As many expected, Bank of England (BoE) Governor, Mark Carney, once again voiced economic concerns bound to Brexit. He issued a stark warning that unless Theresa May can secure a Brexit agreement, the UK economy could go into recession.

The BoE already downgraded UK Gross Domestic Product (GDP) by 0.5% to 1.2% in 2019 – the slowest in a decade, due to Brexit fears.

Mr Carney, says the “fog of Brexit” is causing short-term volatility and tensions for business, households and financial markets.

As the chances of a no-deal Brexit increases, limiting growth, so does the risk of recession, he told a press conference after the launch of the February 2019 Quarterly Inflation Report.

Poor Pound…

Afterwards, the Pound dipped slightly against the US Dollar, from 1.298 to 1.296, but started to pick up again towards the end of the day and on Friday morning following Mrs May’s joint statement with Mr Juncker.

Halo Financial Founding Director, David Johnson, explains, “The Bank of England comments about downgraded growth and the chance of recession were offset by hopes that Theresa May could still reach an agreement with the European Union and avoid a no-deal Brexit, with all the economic dangers it would bring.”

Mr Carney says, “How these tensions are reconciled once the fog lifts will have consequences for the path of monetary policy in ways that cannot be predicted in advance.
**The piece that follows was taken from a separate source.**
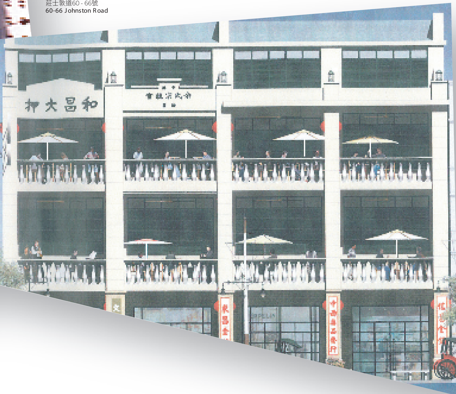
莊士敦道60 - 66號 60-66 Johnston Road

The URA undertakes its first preservation task at the Johnston Road redevelopment site. Four adjoining old Canton-style shop-houses and one in Ship Street will be turned into a place of tasteful lifestyle after refurbishment. We will also bring back the useful economic life of these buildings.

To forecast the economy and set monetary policy accordingly, the MPC must make a series of judgments.

“First, given the dynamics of the negotiations, we are now assuming uncertainty remains elevated for a while and that financial conditions stay tighter for longer. Second, we have downgraded our forecast for UK weighted global GDP by 0.5 per cent. Over the past year the global economy has transitioned from robust, broad-based expansion to a widespread slowdown, with all major regions currently decelerating in the wake of tighter financial conditions and rising trade tensions.”

Mr Carney concludes, “Although it isn’t clear how long the fog of Brexit will last, whatever the weather, the Monetary Policy Committee (MPC) will always act to achieve the 2% inflation target, consistent with its remit.”

What else is happening in the world?

Good news from German data

Well, Europe got a welcome treat in the form of the German Trade Balance, which was much better than expected, after dismal data has reinforced worries of an economic slowdown.

Australian Dollar dips

The Australian Dollar took a hit on economic worries, too, as Australia’s central bank downgraded Aussie economic growth forecasts, although it’s all good news for Australian exporters.

US Dollar also drops, then picks right up again

And the US Dollar also fell following former Federal Reserve Chair, Janet Yellen’s comments about the potential implications of the global economic slowdown on the American economy. US China trade tensions remain a concern, but the strength of US employment and a number of other positive data results pushed the USD back up again.